For the less skilled worker, support in performing these steps can be provided through a semantic software application. To achieve this, the application needs to extract low-level machine data in order to infer semantic context information (symptoms), link symptoms to causes and solutions semantically, and present appropriate solutions to the user in an easy-to-use way.

In this chapter, we describe such a semantic application for identifying appropriate technical documentation in a given error or maintenance situation in a factory. We call this application ProDok 4.0. We will demonstrate its use through two use cases: robotic application development and maintenance of industrial inspection machines. Although the use cases are very different, the underlying semantic application has a common software architecture.

12.2 Use Case 1: Robotics Application Development

State-of-the-art robots such as the KUKA LBR iiwa (Fig. 12.1) are designed to be deployed in a wide range of application domains.
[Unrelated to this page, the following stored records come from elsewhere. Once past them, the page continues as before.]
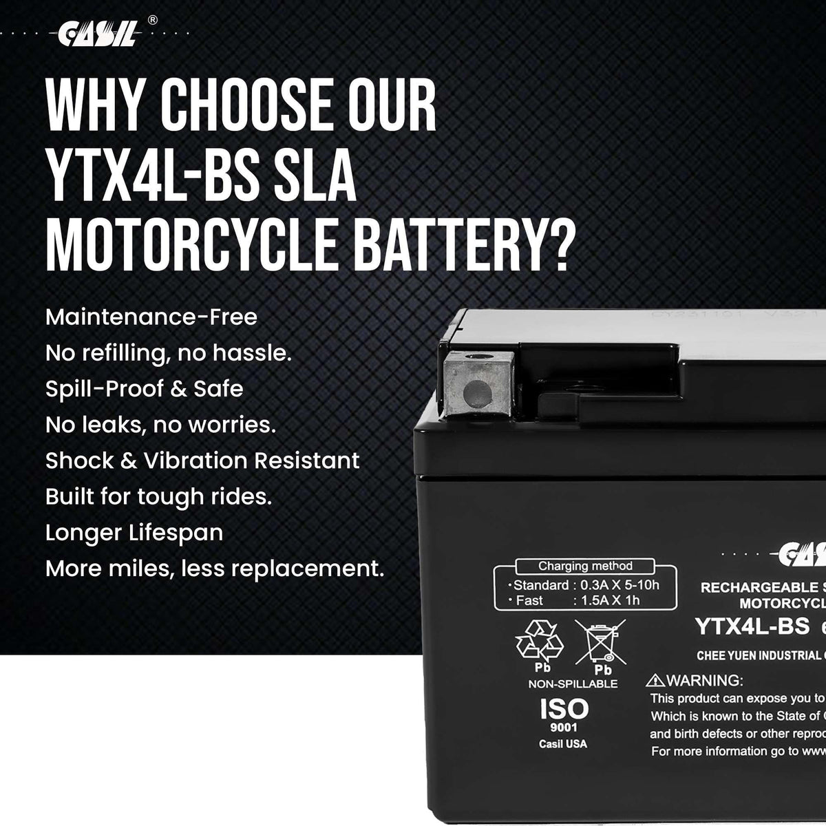 Features & Details YTX4L-BS AGM BATTERY Replacement Model: Casil YTX4L-BS 12V 3AH Condition: New Includes: battery and screws Warranty: 1 Year Pro-Rated Warranty Manufacturer: Chee Yuen Co., Ltd Product Description This YTX4L-BS is a sealed lead-acid (SLA) absorbed glass mat (AGM) rechargeable battery. AGM and GEL batteries are lead-acid and of the same battery chemistry. This battery comes already charged, sealed, maintenance free, and ready to install.Premium quality absorbed glass mat technology (AGM) is ideal for ATVs, Motorcycles, Personal Watercraft, Jet Ski's, Snowmobiles and more. Specifications Vehicle Service Type: Motorcycle, snowmobiles, personal watercraft, all-terrain-vehicles, jet ski, scooter Size: YTX4L-BS Voltage: 12 Volts Chemistry: SLA, AGM Terminal: Nut & Bolt Item Weight: 2.65 lbs Item Dimensions: 4.41 x 2.8 x 3.35 inches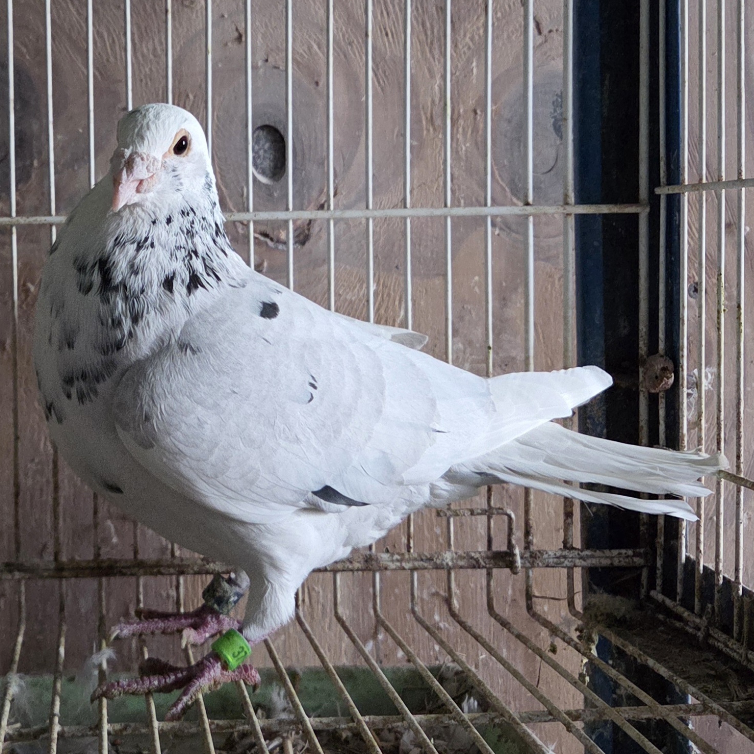 | 4. | SOLD 2024 white splash cock no. 672 out of a black/wf cock bred by Ken Christopher and a pied blue bar hen that I raised and sent to the Ohio Classic Race in 2018 where she placed 31st out of 204 and shared in the prize money for handler Tom Tomes of Ohio. Sire was down from Gallo loft and a black splash hen bred by Ken Weyer. Dam is primarily Janssen with a touch of the old-line long-distance Delbars. Limited pedigree on sire's side, full pedigree on dam's side. Price: $50 - SOLD (LL) |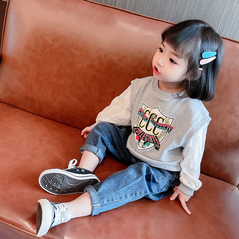 Girls' spring clothes cartoon stitching lace puff sleeves fake two-piece sweater female baby Western style casual Korean style inner wear
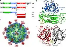 9. Dong J, Dong L, Méndez E, Tao Y (August 2011). "Crystal structure of the human astrovirus capsid spike". Proceedings of the National Academy of Sciences of the United States of America. 108 (31): 12681–6. Bibcode:2011PNAS..10812681D. doi:10.1073/pnas.1104834108. PMC 3150915. PMID 21768348.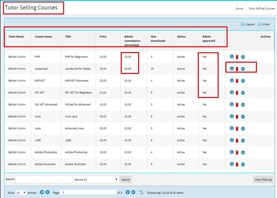 Admin can view all selling courses of Tutors, and can approve/disapprove.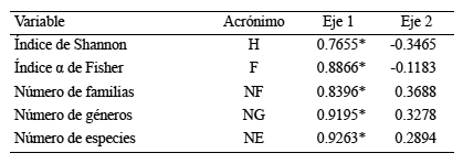 La riqueza a nivel de especie en YCAH fue de 53 especies y en PECH de 38, el promedio para los índices α de Fisher y de Margalef, así como el de Berger-Parker para evaluar dominancia resultaron ser mayores en YCAH, mientras que los índices de Shannon, de equidad de Pielou y Simpson fueron más altos en PECH (Cuadro 1).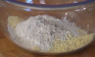 • Соединить оба вида муки, соль и перец.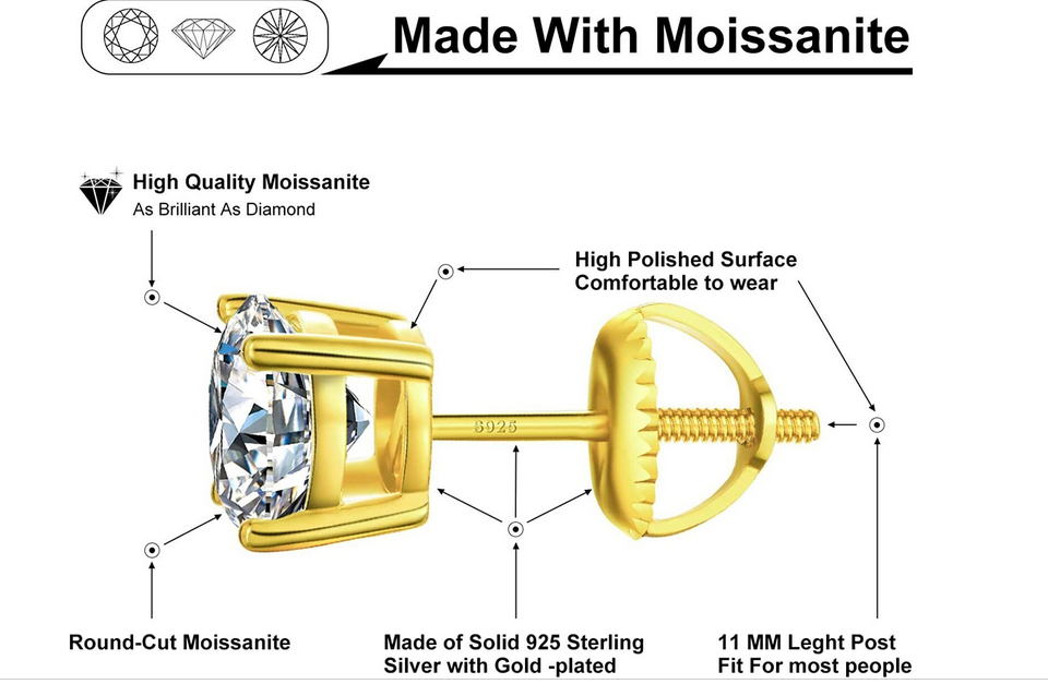 Certified D - VVS1 Moissanite Solitaire Stud Earrings Screw back gold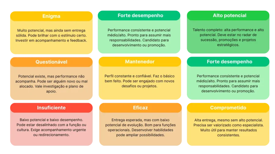 Os quadrantes da Matriz 9Box representam diferentes perfis de colaboradores, de acordo com seu nível de desempenho atual e seu potencial de crescimento futuro.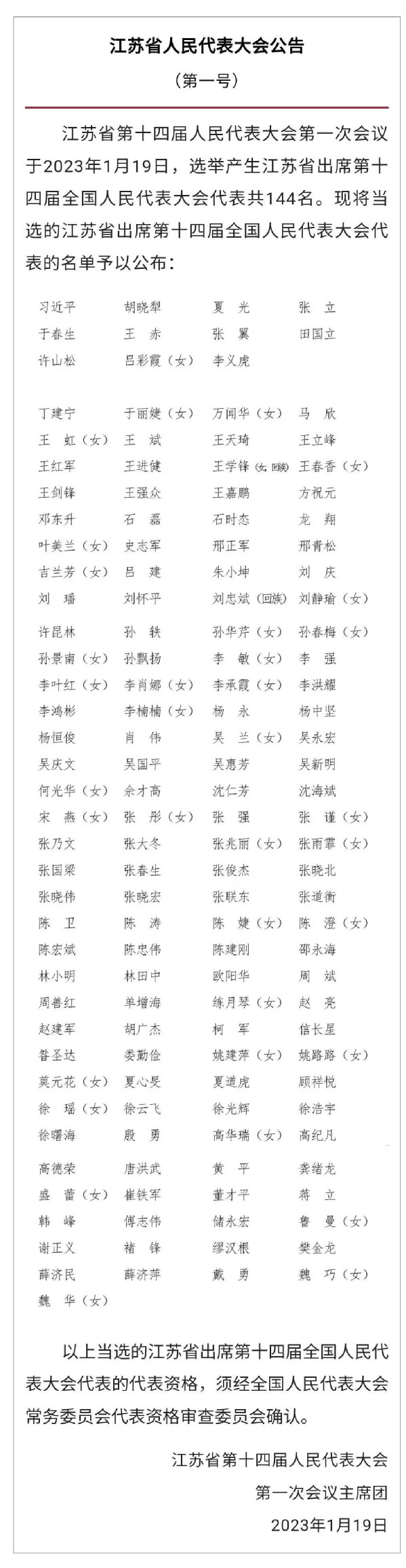 据悉,当选的江苏省出席第十四届全国人民代表大会代表的代表资格,须经全国人民代表大会常务委员会代表资格审查委员会确认。

A key feature to enable this flexibility is the capability to sense forces and torques, and thus, to react to haptic user interaction as well as physical contact or collisions with its environment. The ability to measure external forces and torques allows for the development of force-controlled robot applications , where the teach-in of exact positions is no longer required. Instead, an application could, for example, move the end effector towards a surface until it detects physical contact and then move along the surface while constantly applying a certain force. This allows for the development of sensitive joining or peg-in-hole applications without knowing the exact position of the surface, the hole, the parts to be joined, etc., while achieving as high a precision as could possibly be realised using a position control mode only.

Fig. 12.1
figure 1

LBR iiwa and ProDok 4.0 web interface

These new features cause an increase in complexity when developing robotic applications. This is because force/torque measurements and the corresponding conditional application control mechanisms need to be mastered in addition to a correct and more comprehensive configuration of the robot, end effector, workpiece, etc. Matching both the machine configuration and status as well as the developers knowledge level, our ProDok 4.0 application shall support the process of developing robotic applications by allowing access to helpful documentation for error situations with ease.

12.3 Use Case 2: Maintenance of Industrial Inspection Machines

In the production of glass, defects may occur. A glass inspection machine uses computer vision techniques for detecting such defects and for rating material quality [2]. The glass inspection machine consists of cameras and lights as well as servers with inspection software [12]. In Fig. 12.2, a typical glass inspection machine setup is shown.

Fig. 12.2
figure 2

Glass inspection machine setup

An error may occur in every component of the setup, including the interconnections, and on both the software level and the hardware level. Errors in the inspection machine may lead to uninspected glass or glass of unknown quality and thus impact the plant yield. With today’s quality requirements for glass products, only quality-inspected glass can be sold to customers.

Common inspection machine errors are camera failures, network errors, lighting issues, or incorrect configuration of external system parameters. The machine itself detects and reports known issues. Typically, the machine on its own cannot solve these issues, e.g. a lost communication signal with another node due to physical damage of the cable.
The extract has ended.